Problem
What is needed is the exact text of each line in the listing below from the one with "祝贺你被我校录取,成为中南大" up to and including the one with "Baby jongens broek", and no pictures.

The records
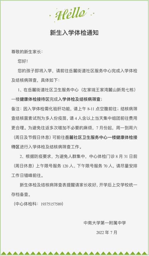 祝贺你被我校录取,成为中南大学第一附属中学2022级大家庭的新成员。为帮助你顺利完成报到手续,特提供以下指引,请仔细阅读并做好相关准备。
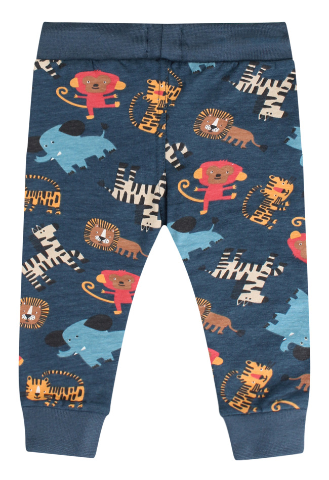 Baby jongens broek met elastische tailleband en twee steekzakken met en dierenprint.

...

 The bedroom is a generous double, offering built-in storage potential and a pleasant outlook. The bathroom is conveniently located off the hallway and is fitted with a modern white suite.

Response
 祝贺你被我校录取,成为中南大学第一附属中学2022级大家庭的新成员。为帮助你顺利完成报到手续,特提供以下指引,请仔细阅读并做好相关准备。
 Baby jongens broek met elastische tailleband en twee steekzakken met en dierenprint.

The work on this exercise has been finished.